Comment by bayindirh

2 months ago

IIRC, it was not about Rust vs. C, but a commotion rooted from patch quality and not pushing people around about things.

Linux Kernel team has this habit of a forceful pushback which breaks souls and hearts when prodded too much.

Looks like Hector has deleted his Mastodon account, so I can't look back what he said exactly.

Oh, I still have the relevant tab open. It's about code quality: https://news.ycombinator.com/item?id=43043312

That was a single message in a very large thread. It absolutely was not just about code quality.

  • Yes, that's the entry of the rabbit hole, and reader is advised to dig their own tunnel.

    I remember following the tension for a bit. Yes, there are other subjects about how things are done, but after reading it, I remember framing "code quality" as the base issue.

    In high-stakes software development environments, egos run high generally, and when people clash and doesn't back up, sparks happen. If this warning is ignored, then something has to give.

    If I'm mistaken, I can enjoy a good explanation and be gladly stand corrected.

    This is what happened here. This is probably the second or third time I witness this over 20+ years. Most famous one was over CPU schedulers, namely BFS, again IIRC.

    • marcan has even publicly ranted about having to send patches as e-mails. This rage quit simply concluded that journey.

https://lkml.org/lkml/2025/2/6/1292

  • Some pretext: I'm a Rust skeptic and tired of Rust Evangelism Task Force and Rewrite in Rust movements.

    ---

    Yes. I remember that message.

    Also let's not forget what marcan said [0] [1].

    In short, a developer didn't want their C codebase littered with Rust code, which I can understand, then the Rust team said that they can maintain that part, not complicating his life further (Kudos to them), and the developer lashing out to them to GTFO of "his" lawn (which I understand again, not condone. I'd have acted differently).

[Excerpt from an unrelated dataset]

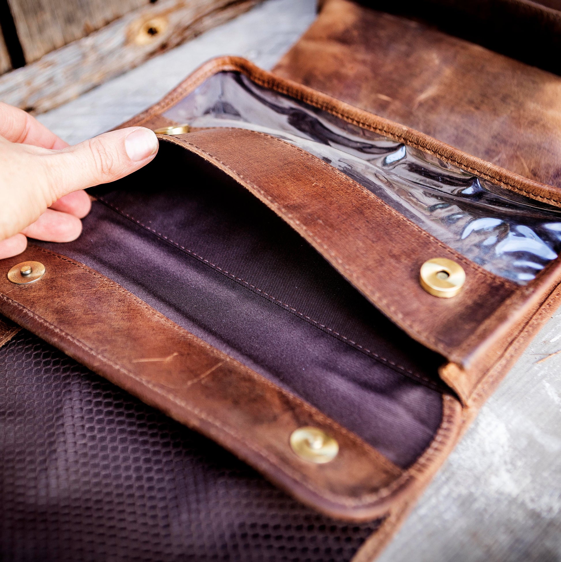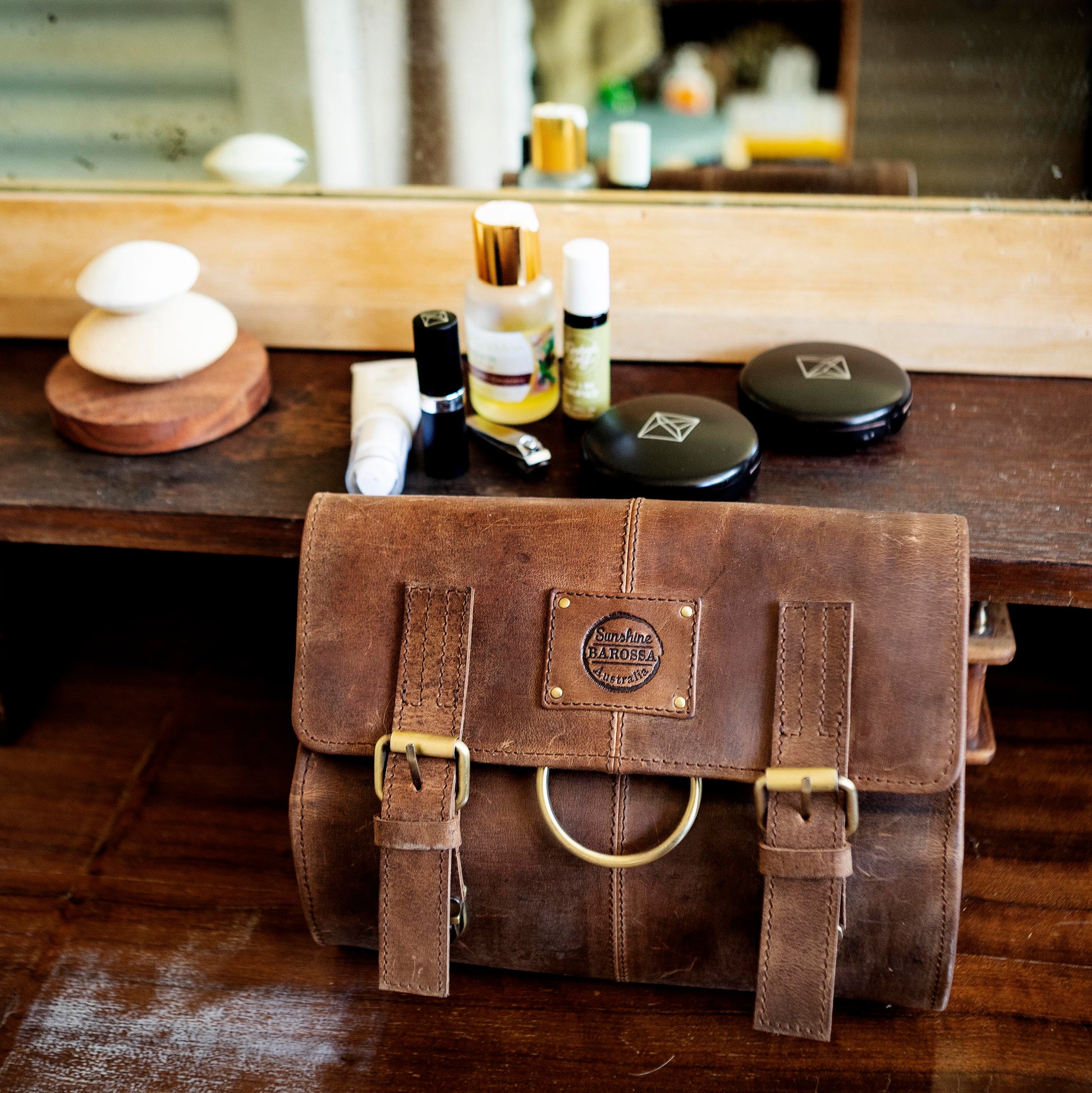 The Sunshine Barossa Buffalo Hide Leather Hanging Toiletry Roll is the toiletry travel bag that makes transporting and using your personal care products away from home a breeze. Crafted from durable buffalo leather with a gorgeous vintage-look, this bag is strong and sturdy, and with a little care, it will be travelling with you for years and years to come.

    This again boils down to code quality matters. Rust is a small child when compared to the whole codebase, and weariness from old timers is normal. We can discuss behaviors till the eternity, but humans are humans. You can't just standardize everything.

    Coming to marcan, how he behaved is a big no in my book, too. Because it's not healthy. Yes, the LKML is not healthy, but this is one of the things which makes you wrong even when you're right.

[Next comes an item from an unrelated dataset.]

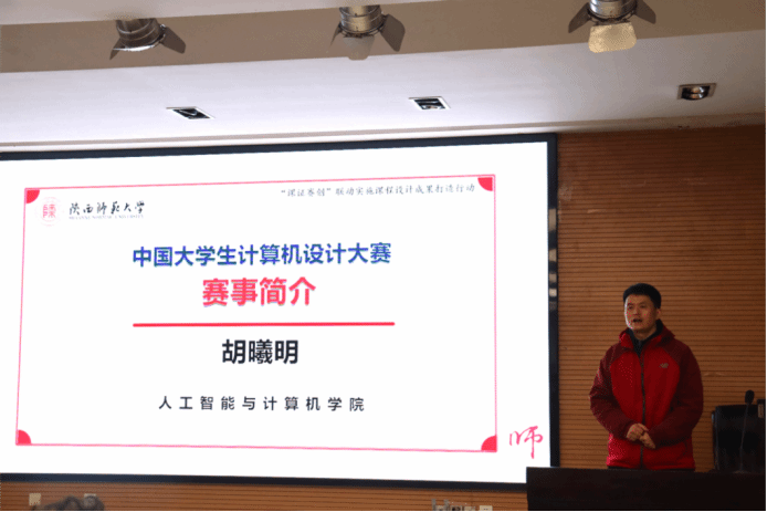 胡曦明老师介绍了中国大学生计算机设计大赛,展示了该竞赛的基本信息、规模与要求,简要概括了竞赛的特点,分析了竞争强度与适配程度。他谈到,虽然竞赛难度逐年加大,但近年来学院参赛学生在软件应用开发、物联网应用等赛道的成绩仍稳步提升,竞赛是同学们磨砺自我的宝贵机会。

    I'm also following a similar discussion list, which has a similar level of friction in some matters, and the correct thing is to taking some time off and touching grass when feeling tired and being close to burnout. Not running like a lit torch between flammable people.

    One needs to try to be the better example esp. when the environment is not in an ideal shape. It's the hardest thing to do, but it's the most correct path at the same time.

    [0]: https://web.archive.org/web/20250205004552mp_/https://lwn.ne...

    [1]: https://lkml.org/lkml/2025/2/6/404

    • One perspective is that Rust appears to be forced into the Linux kernel through harassment and pressure. Instead of Rust being pulled, carefully, organically and friendly, and while taking good care of any significant objections. Objections like, getting the relevant features from unstable Rust into stable Rust, or getting a second compiler like gccrs (Linux kernel uses gcc for C) fully up and running, or ensuring that there is a specification (the specification donated by/from Ferrous Systems, might have significant issues), or prioritizing the kernel higher than Rust.

      If I had been enthusiastic about Rust, and wanted to see if it could maybe make sense for Rust to be part of the Linux kernel[0], I would probably had turned my attention to gccrs.

      What is then extra strange is that there have been some public hostility against gccrs (WIP Rust compiler for gcc) from the rustc (sole main Rust compiler primarily based on LLVM) camp.

      It feels somewhat like a corporate takeover, not something where good and benign technology is most important.

      And money is at stake as well, the Rust Foundation has a large focus on fundraising, like how their progenitors at Mozilla/Firefox have or had a large focus on fundraising. And then there are major Rust proponents who openly claim, also here on Hacker News, that software and politics are inherently entwined.

      [0]: And also not have it as a strict goal to get Rust into the kernel, for there might be the possibility that Rust was discovered not to be a good fit; and then one could work on that lack of fit after discovery and maybe later make Rust a good fit.

      26 replies →

    • > In short, a developer didn't want their C codebase littered with Rust code

      from reading those threads at the time, the developer in question was deliberately misunderstanding things. "their" codebase wasn't to be "littered" with Rust code - it wasn't touched at all.